● **Task statement**: Go to the line that contains "Pierwsza trójka par w kategorii męskiej." in the listing below, then output it and every line after it exactly, omitting pictures.

● **Source material**:
..........
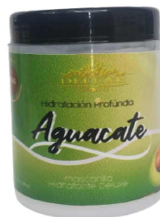
Hidratación, Mascarilla de aguacate
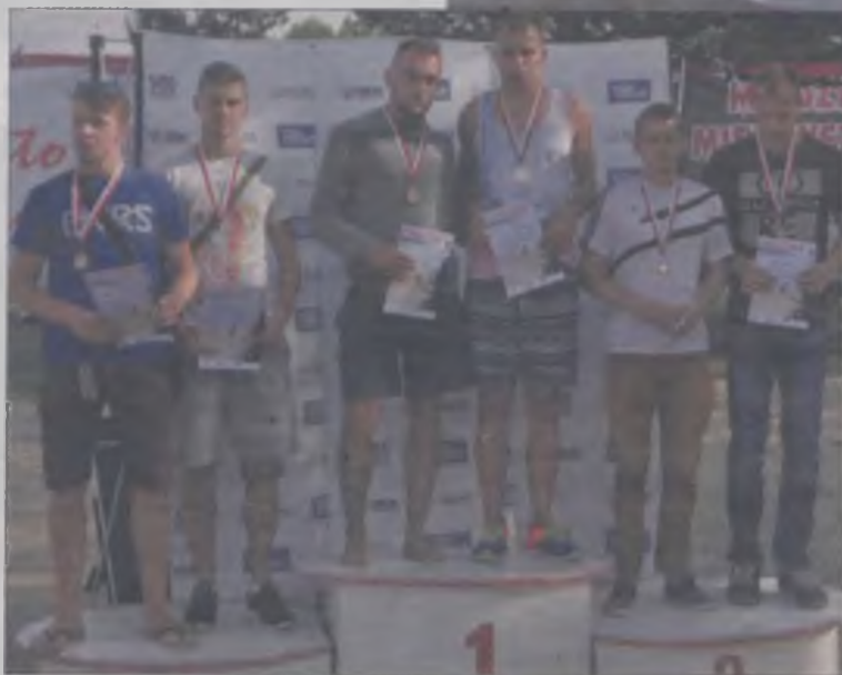
Pierwsza trójka par w kategorii męskiej.
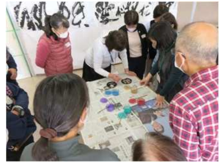
㉑新津南高校学校開放講座 9/24、10/8、22、 11/12、19 高校教師による学校開放講座
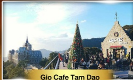
Gio Cafe Tam Dao
..........
● **Response below**:
Pierwsza trójka par w kategorii męskiej.
㉑新津南高校学校開放講座 9/24、10/8、22、 11/12、19 高校教師による学校開放講座
Gio Cafe Tam Dao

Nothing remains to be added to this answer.